DomsServer Depends: Fedora, Bitstorage, ECM, Update tracker, Triple Store

DomsClient Depends: DomsServer

!DomsClient/!DomsServer is the interface for frontend applications to talk to backend applications.

DomsServer will provide a single administrative webservice, with all the high level API functions that are possible in DOMS. As such, it will aggregate the interfaces from

This webservice will provide the methods in the SOAP protocol. We suggest the use of SOAP over REST, as that will make the Client integration easier, and the problems with expressing methods in REST. Authentication is done on the Auth server, and Fedora determines Authorization.

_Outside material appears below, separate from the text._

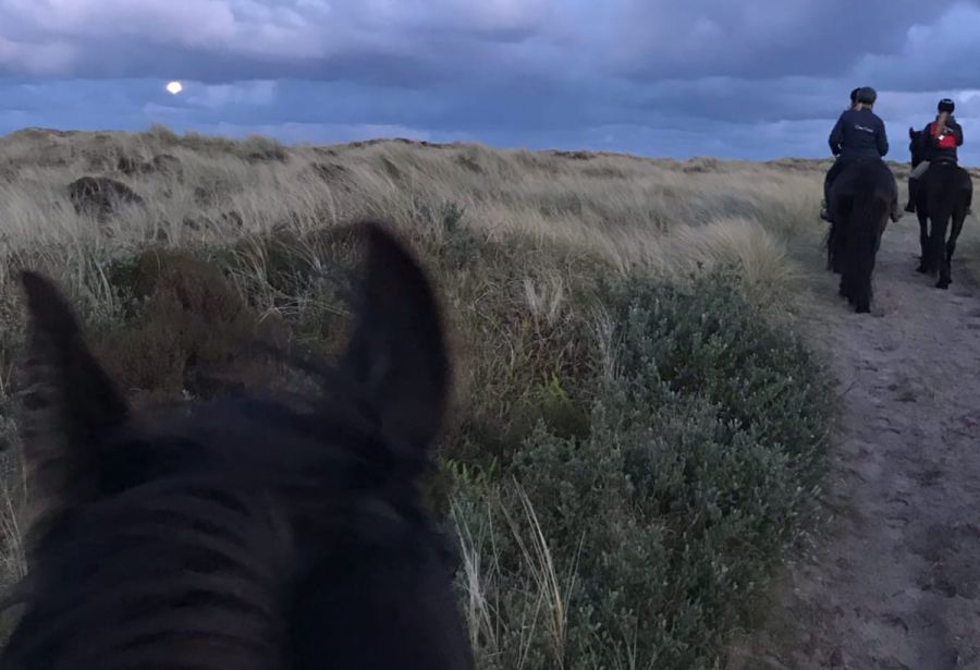Een buitenrit in het maanlicht is echt magisch. Geniet van de intieme rust en het zilveren licht dat over het eiland schijnt. Zodra de zon ondergaat, rijden we de opkomende volle maan tegemoet. Een sfeervolle tocht door de duinen, het bos, langs cranberryvelden en over het strand. We rijden altijd in kleine groepen van maximaal 6 gasten. We maken deze bijzondere avond buitenrit met zowel beginners als gevorderden. Deze unieke Puur ervaring sluiten we gezellig samen af bij een kampvuur met marshmellows.

In addition to the previous webservice, optionally another webservice will provide a REST based service for user data retrival from DOMS. All common user data retrival points should be implemented, abstracting away the DOMS infrastructure. REST is chosen here, for the ease which other systems can then access data from DOMS, and we do not plan on making a java frontend for this service. This webservice should not have any functions not available through the administrative interface. Access to this service should be authenticated against the AUTH server, as it could be used by any user wanting a programmatic access to the DOMS data. Authorization for the user will be decided by the data objects or files.

DomsClient will be a java based connector the administrative DomsServer Webservice. It will model the Fedora objects and their behaviours (search, ecm and bitstorage connections) in an object oriented way. The purpose of this client is to make give a more productive way to interface java applications with DOMS, than a long list of methods. No behaviour should be enforced by the Client, as it should not act to ensure anything about the repository.

Bitstorage

Depends: Nothing

We decided long ago to use a separate bitstorage, rather than managed Fedora datastreams. I am not entirely privy to the reasons for this decision, but it does ensure that we can hold the bitstorage to be immutable, while updating metadata, which has been a design criteria for DOMS.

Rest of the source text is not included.